▸ Task brief
Exactly as they stand, repeat the lines from the one containing "Sada Vodní bomby" through the final line of the listing, both ends included, and nothing else; skip the pictures.

▸ Source data
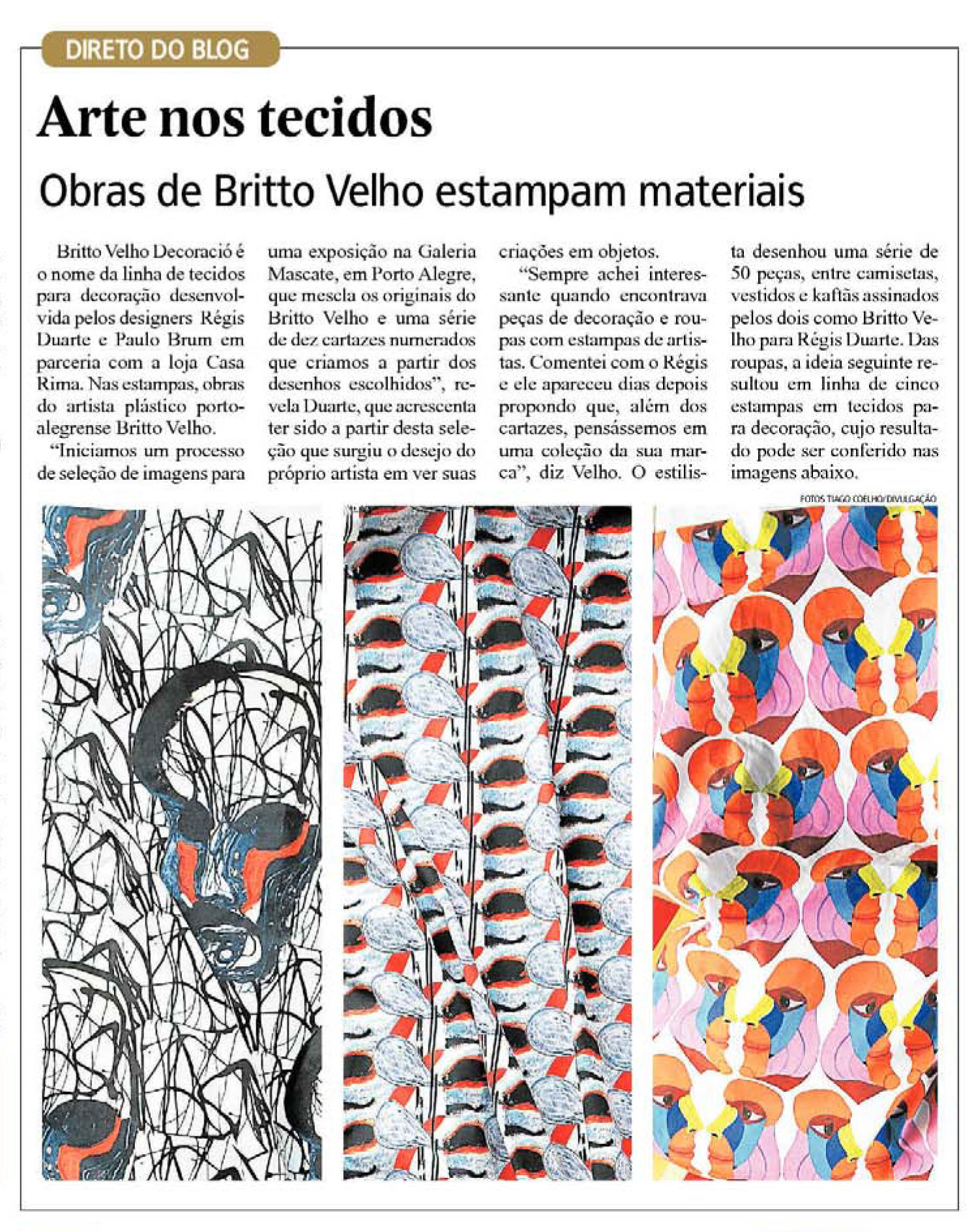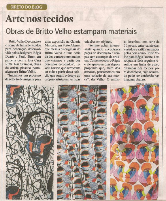 Não é de hoje que designers se apropriam de obras de arte para criar objetos com imagens célebres em museus e galerias. Inspirados nessa tendência, Régis Duarte e Paulo Brum criaram em parceria com a Casa Rima uma linha de tecidos para decoração com estampas de obras de Britto Velho, chamada Britto Velho Decoració. “Iniciamos um processo de seleção de imagens para uma exposição na Galeria Mascate, que mescla os originais do Britto e uma série de dez cartazes numerados que criamos a partir dos desenhos escolhidos”, revela Duarte.
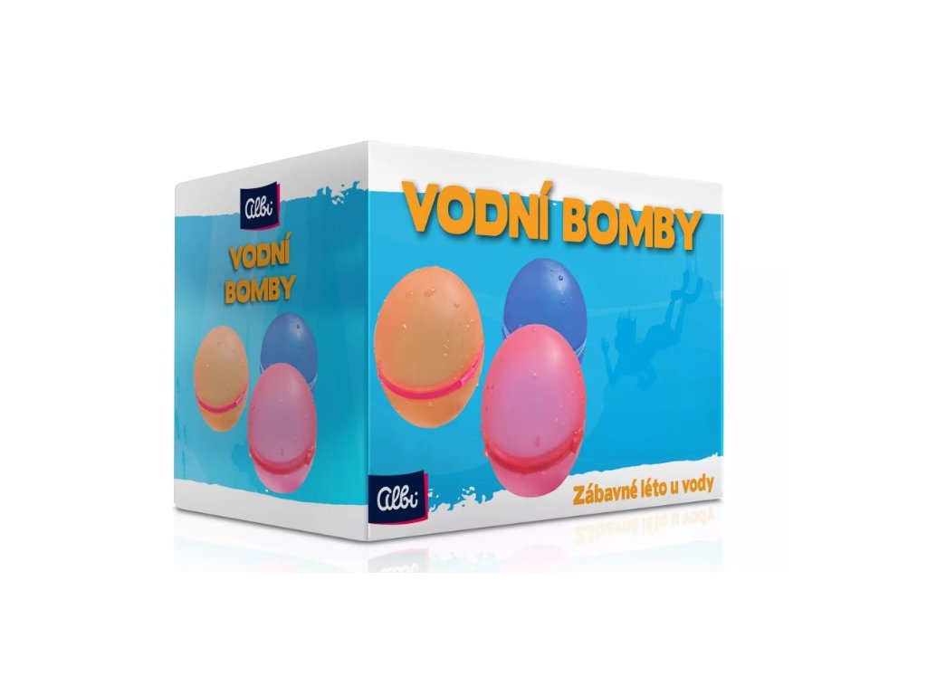Sada Vodní bomby obsahuje: 6 barevných magnetických vodních bomb (1 modrou, 1 žlutou,1 oranžovou, 1 červenou, 1 bílou a 1 zelenou).
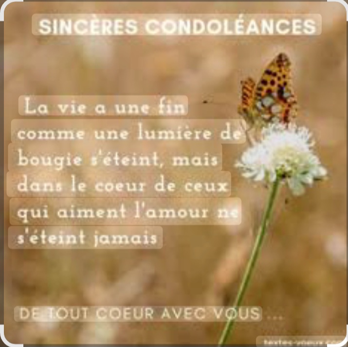 • Mes sincères condoléances en ces moments difficiles. Que la force et le réconfort vous accompagnent dans cette épreuve. Mes pensées vous accompagnent.
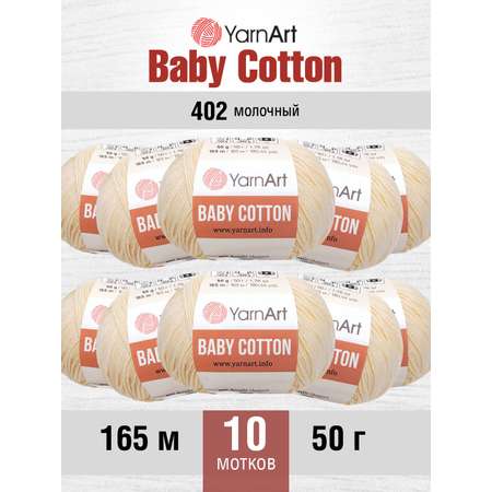 Пряжа для вязания YarnArt Baby Cotton 50гр 165 м хлопок акрил детская 10 мотков 402 молочный

▸ Solution to this task
Sada Vodní bomby obsahuje: 6 barevných magnetických vodních bomb (1 modrou, 1 žlutou,1 oranžovou, 1 červenou, 1 bílou a 1 zelenou).
 • Mes sincères condoléances en ces moments difficiles. Que la force et le réconfort vous accompagnent dans cette épreuve. Mes pensées vous accompagnent.
 Пряжа для вязания YarnArt Baby Cotton 50гр 165 м хлопок акрил детская 10 мотков 402 молочный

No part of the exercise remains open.